Below is a listing to repeat exactly, with its pictures left out.

COLLECTED MATERIAL:
------------------------

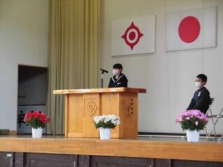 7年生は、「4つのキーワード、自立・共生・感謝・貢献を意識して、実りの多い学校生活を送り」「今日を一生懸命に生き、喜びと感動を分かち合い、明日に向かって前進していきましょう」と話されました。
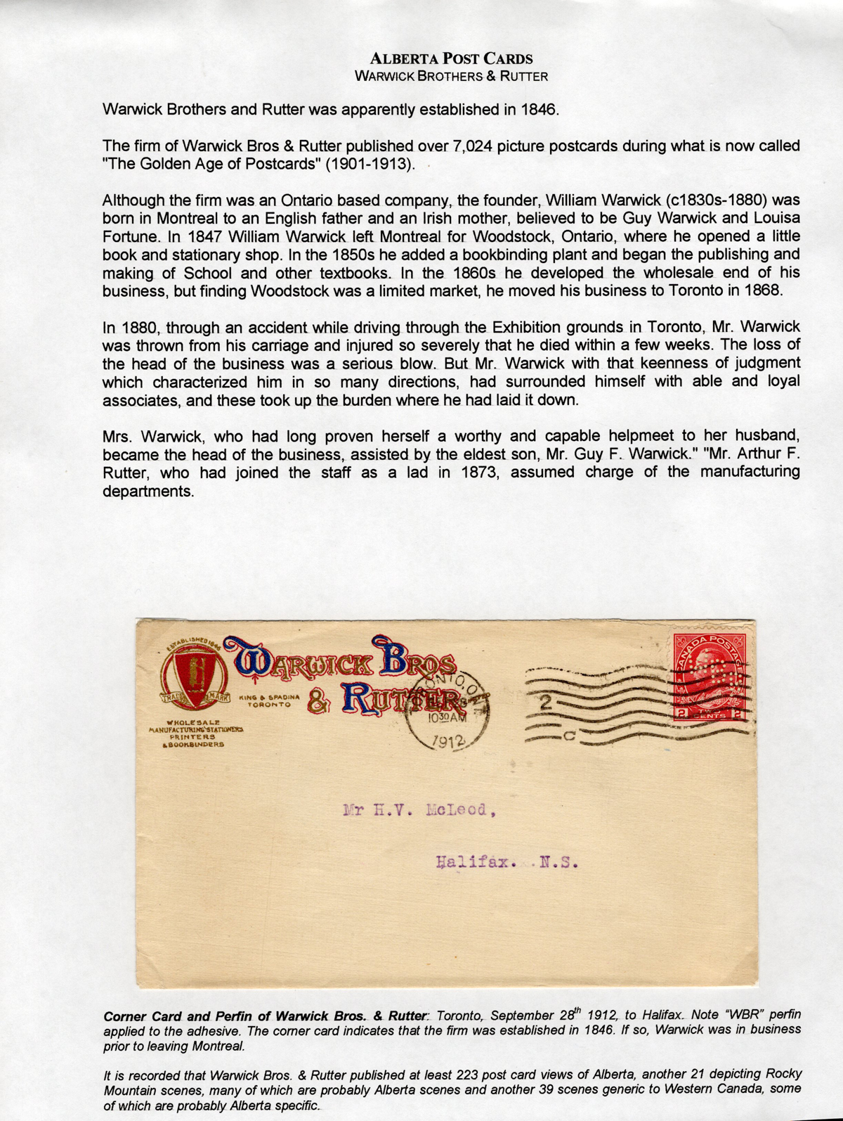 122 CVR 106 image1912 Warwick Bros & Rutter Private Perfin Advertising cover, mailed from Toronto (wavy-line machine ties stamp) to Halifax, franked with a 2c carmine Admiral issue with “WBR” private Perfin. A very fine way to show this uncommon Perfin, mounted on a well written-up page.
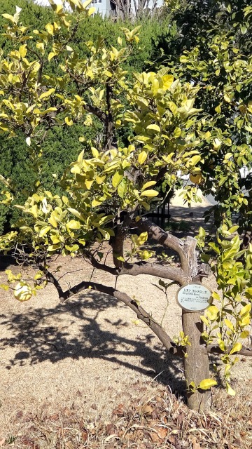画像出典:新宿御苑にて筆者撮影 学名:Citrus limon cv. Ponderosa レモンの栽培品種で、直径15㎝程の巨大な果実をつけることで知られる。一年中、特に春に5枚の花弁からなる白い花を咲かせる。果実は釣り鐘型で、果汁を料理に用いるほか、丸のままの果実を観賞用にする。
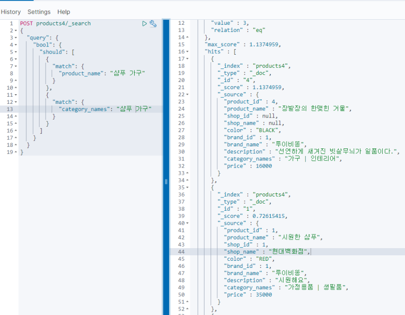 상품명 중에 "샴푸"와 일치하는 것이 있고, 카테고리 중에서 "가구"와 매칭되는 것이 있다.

------------------------

WRITTEN REPLY:
 7年生は、「4つのキーワード、自立・共生・感謝・貢献を意識して、実りの多い学校生活を送り」「今日を一生懸命に生き、喜びと感動を分かち合い、明日に向かって前進していきましょう」と話されました。
 122 CVR 106 image1912 Warwick Bros & Rutter Private Perfin Advertising cover, mailed from Toronto (wavy-line machine ties stamp) to Halifax, franked with a 2c carmine Admiral issue with “WBR” private Perfin. A very fine way to show this uncommon Perfin, mounted on a well written-up page.
画像出典:新宿御苑にて筆者撮影 学名:Citrus limon cv. Ponderosa レモンの栽培品種で、直径15㎝程の巨大な果実をつけることで知られる。一年中、特に春に5枚の花弁からなる白い花を咲かせる。果実は釣り鐘型で、果汁を料理に用いるほか、丸のままの果実を観賞用にする。
 상품명 중에 "샴푸"와 일치하는 것이 있고, 카테고리 중에서 "가구"와 매칭되는 것이 있다.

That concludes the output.